Supplied data
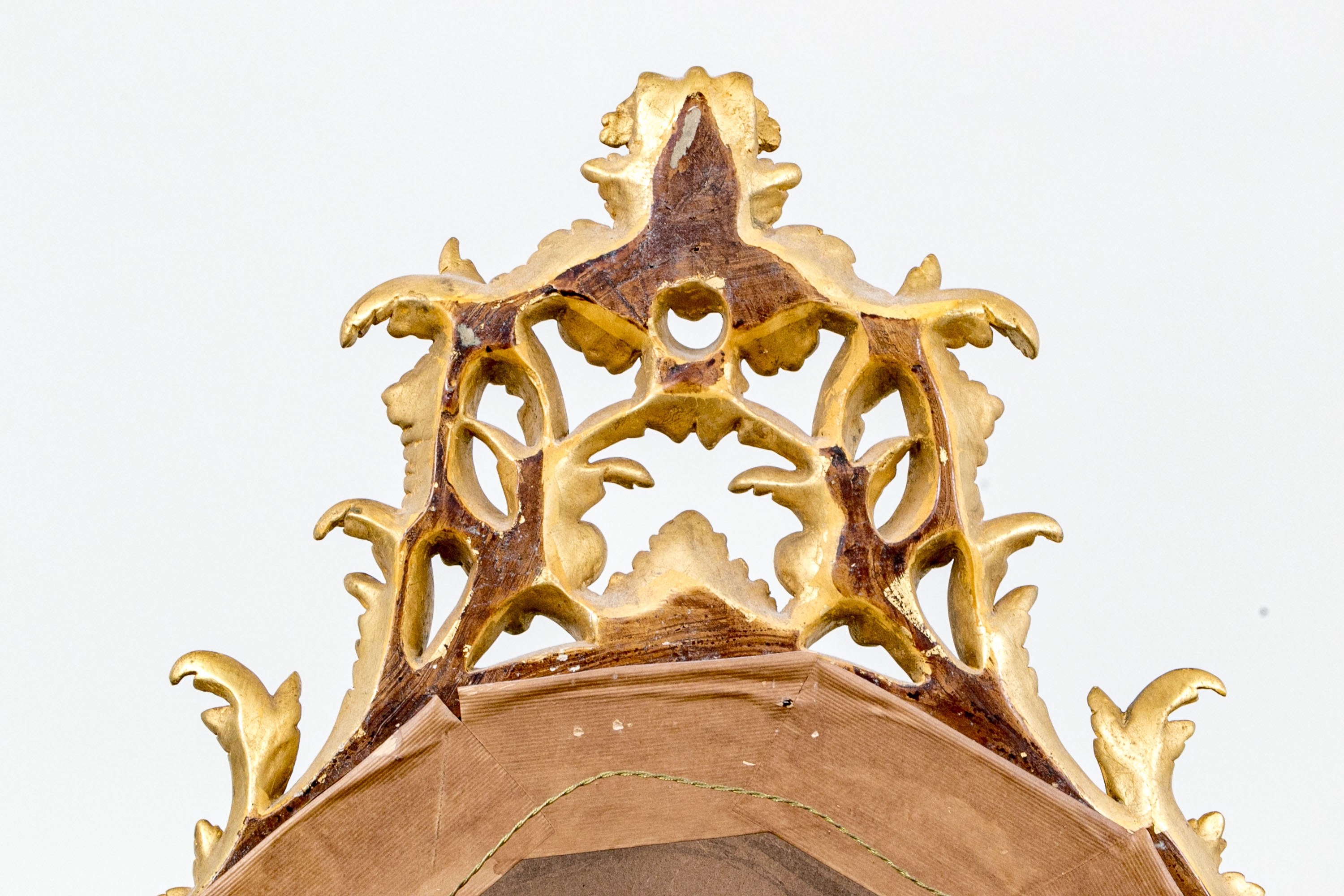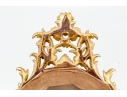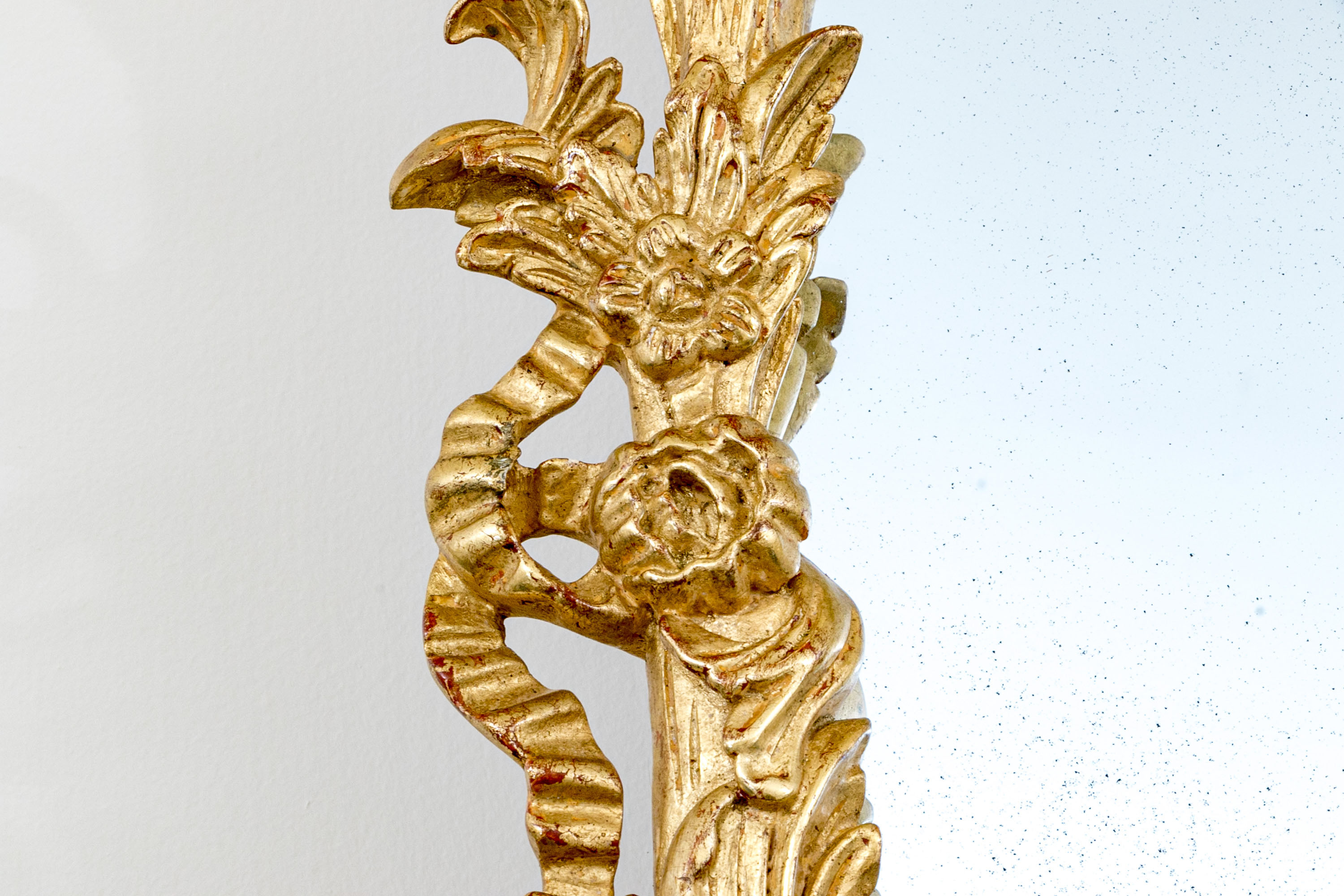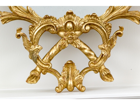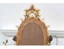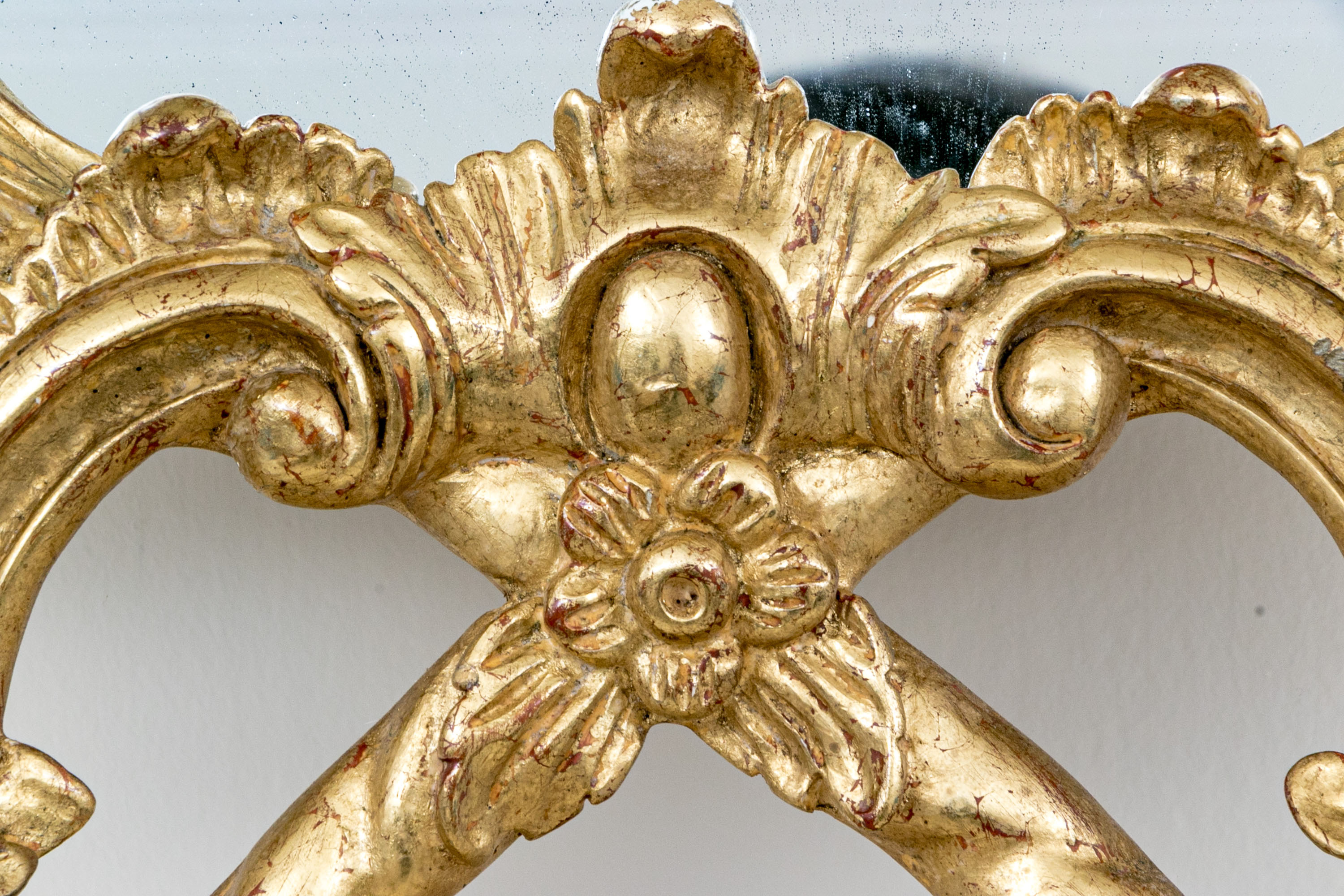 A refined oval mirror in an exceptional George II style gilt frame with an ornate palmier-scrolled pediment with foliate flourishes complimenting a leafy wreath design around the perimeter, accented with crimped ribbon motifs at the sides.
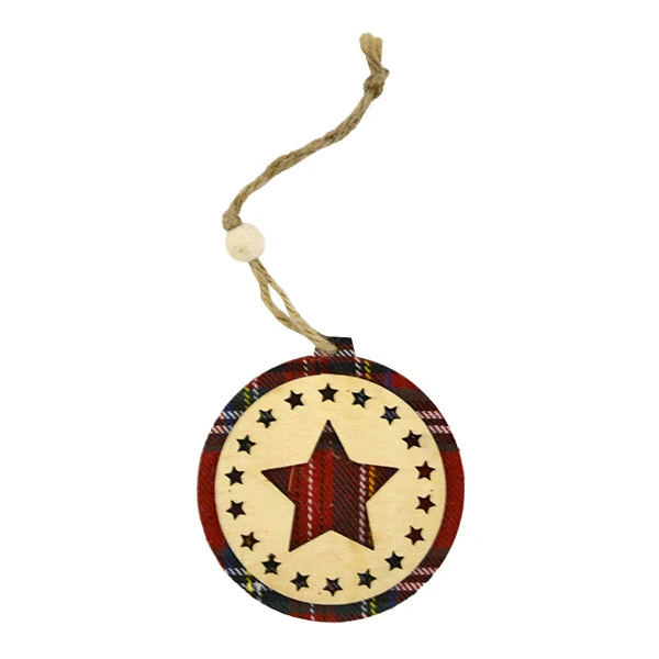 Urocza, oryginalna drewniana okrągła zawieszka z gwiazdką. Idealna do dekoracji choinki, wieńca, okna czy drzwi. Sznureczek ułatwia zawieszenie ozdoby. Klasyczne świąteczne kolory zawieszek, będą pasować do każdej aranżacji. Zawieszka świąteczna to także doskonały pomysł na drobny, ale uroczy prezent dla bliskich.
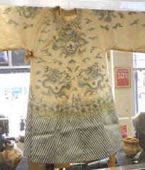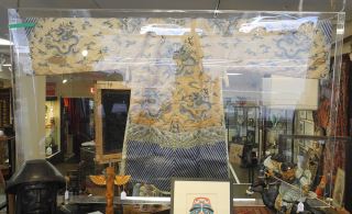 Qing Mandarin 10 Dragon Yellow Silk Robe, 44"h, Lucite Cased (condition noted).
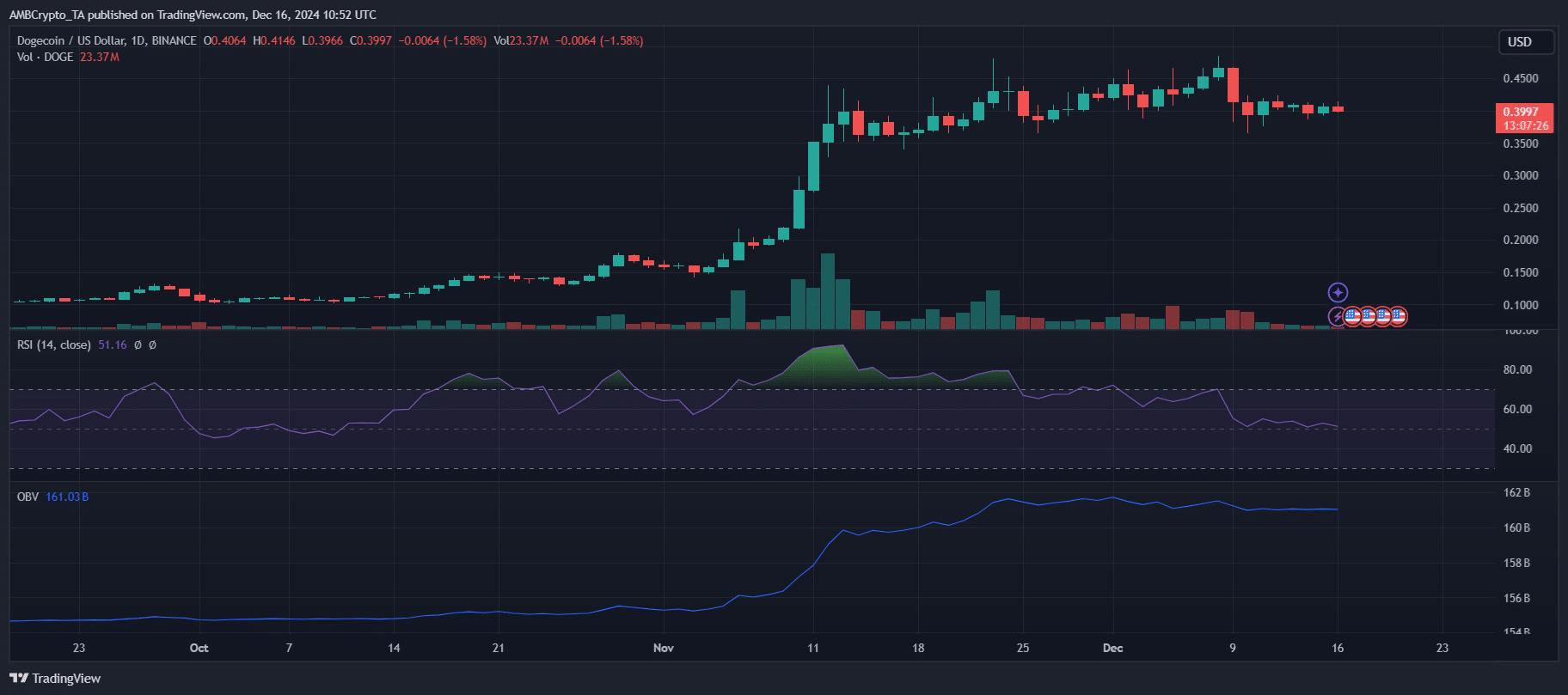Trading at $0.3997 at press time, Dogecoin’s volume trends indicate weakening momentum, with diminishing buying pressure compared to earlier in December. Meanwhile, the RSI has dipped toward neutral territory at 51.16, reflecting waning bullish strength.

What you should do
Only the pictures are to be left out; write out all the other data exactly.

Result of the exercise
 A refined oval mirror in an exceptional George II style gilt frame with an ornate palmier-scrolled pediment with foliate flourishes complimenting a leafy wreath design around the perimeter, accented with crimped ribbon motifs at the sides.
 Urocza, oryginalna drewniana okrągła zawieszka z gwiazdką. Idealna do dekoracji choinki, wieńca, okna czy drzwi. Sznureczek ułatwia zawieszenie ozdoby. Klasyczne świąteczne kolory zawieszek, będą pasować do każdej aranżacji. Zawieszka świąteczna to także doskonały pomysł na drobny, ale uroczy prezent dla bliskich.
 Qing Mandarin 10 Dragon Yellow Silk Robe, 44"h, Lucite Cased (condition noted).
Trading at $0.3997 at press time, Dogecoin’s volume trends indicate weakening momentum, with diminishing buying pressure compared to earlier in December. Meanwhile, the RSI has dipped toward neutral territory at 51.16, reflecting waning bullish strength.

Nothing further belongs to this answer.